SIIA Chairman Simon Tay recently spoke at the APEC CEO Summit in a panel about the economic dynamism of the Asia-Pacific and the global economy. Some of his remarks featured in a recent article by the AFP.
In his remarks, Mr Tay focused on the Trans-Pacific Partnership (TPP) as a starting point for a potential free trade agreement for the Asia-Pacific. The TPP currently includes four members (Brunei, Chile, New Zealand and Singapore) but is in negotiations with five others, including the United States.

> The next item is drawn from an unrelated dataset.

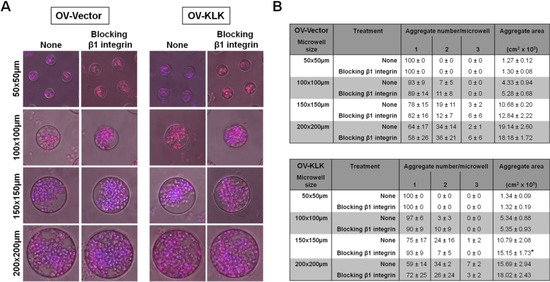 Cell aggregation in response to functional blocking of integrins. (A) Fluorescent staining of cell aggregates grown within microwells of varying sizes (50 × 50, 100 × 100, 150 × 150, 200 × 200 µm) over 96 h at the end time point of time-lapse microscopy ± inhibition of β1 integrin using a functional blocking antibody (10 µg/mL); F-actin filaments stained red with rhodamine 415-conjugated phalloidin; nuclei stained blue with DAPI. (B) Analyses of both OV-Vector/OV-KLK cell aggregate number and area revealed that with increasing microwell size (150–200 × 150–200 µm) more (up to three aggregates/microwell) and larger (12.84–18.18 × 103 cm2) aggregates were formed upon β1 integrin inhibition compared to decreasing microwell size (50–100 × 50–100 µm; 1.30–5.35 × 103 cm2), with only one to two aggregates/microwell. In the medium sized microwells (150 × 150 µm), OV-KLK cells formed significantly larger aggregates after β1 integrin inhibition compared to non-treated conditions (n = 3; SEM; * P < 0.05).

At this year's APEC, Japan discussed the possibility of it joining the grouping. However, Mr Tay tempered expectations, and was quoted in the AFP article as saying:
Simon Tay, chairman of the Singapore Institute of International Affairs, said Japan would benefit from joining TPP but that the government should only act when it has domestic consensus and is fully committed.
"Now with America on board, the negotiations since last year have already been very lively and now nine countries are on board," Tay said.
"Frankly it's still quite a small raft and America is already a very large person. The last thing we actually need now for the negotiations to be progressive is for Japan to also come on board and sort of wobble, because of agriculture and other issues.
"To get them on board -- when they are uncertain -- too quickly would actually ruin the TPP for the rest of us."